For Claude Desktop, add to your `claude_desktop_config.json`:
```json
{
"mcpServers": {
"deepinfra": {
"command": "uv",
"args": ["run", "mcp_deepinfra"],
"env": {
"DEEPINFRA_API_KEY": "your_api_key_here"
}
}
}
}
```
## Tools Provided
This server provides the following MCP tools:
- `generate_image`: Generate an image from a text prompt. Returns the URL of the generated image.
- `text_generation`: Generate text completion from a prompt.
- `embeddings`: Generate embeddings for a list of input texts.
- `speech_recognition`: Transcribe audio from a URL to text using Whisper model.
- `zero_shot_image_classification`: Classify an image into provided candidate labels using vision model.
- `object_detection`: Detect and describe objects in an image using multimodal model.
- `image_classification`: Classify and describe contents of an image using multimodal model.
- `text_classification`: Analyze text for sentiment and category.
- `token_classification`: Perform named entity recognition (NER) on text.

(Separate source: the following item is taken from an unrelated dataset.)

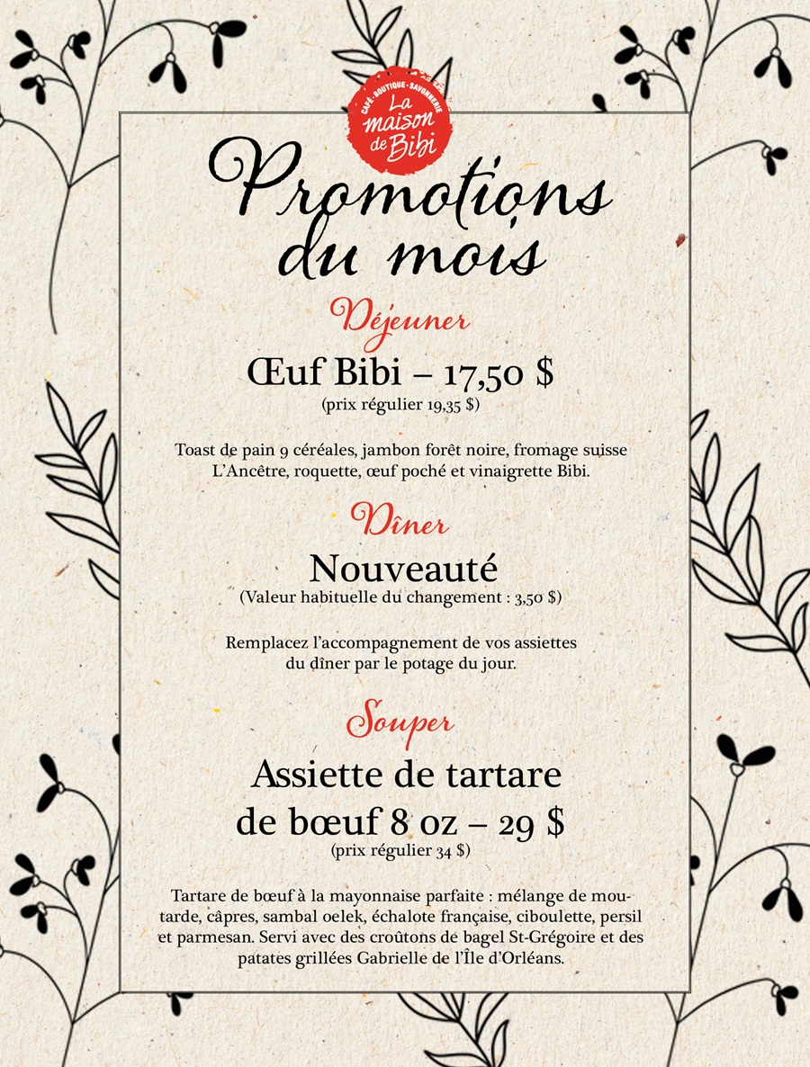 Restaurant chaleureux, convivial et décontracté où tous les membres de la famille sont les bienvenus. Bibi aime bien laisser toute la place aux produits du terroir lorsqu’elle élabore ses menus. Des déjeuners gourmands , des diners et des soupers feront le bonheur de tous!

- `fill_mask`: Fill masked tokens in text with appropriate words.
## Testing
To test the server locally, run the pytest test suite:
```bash
# Install test dependencies
uv sync --extra test
# Run all tests
pytest
# Run with verbose output
pytest -v
# Run specific test file
pytest tests/test_tools.py
# Use the convenience script
./run_tests.sh
```
The tests include:
- Server initialization and tool listing
- Individual tool functionality tests via JSON-RPC protocol
- All tests run synchronously without async/await complexity
## Running with uvx
`uvx` is designed for running published Python packages from PyPI or GitHub. For local development, use the `uv run` command as described above.
If you publish this package to PyPI (e.g., as `mcp-deepinfra`), you can run it with:
```bash
uvx mcp-deepinfra
```
And configure your MCP client to use:
```json
{
"mcpServers": {
"deepinfra": {
"command": "uvx",
"args": ["mcp-deepinfra"],
"env": {
"DEEPINFRA_API_KEY": "your_api_key_here"
}
}
}
}
```
For local development, stick with the `uv run` approach.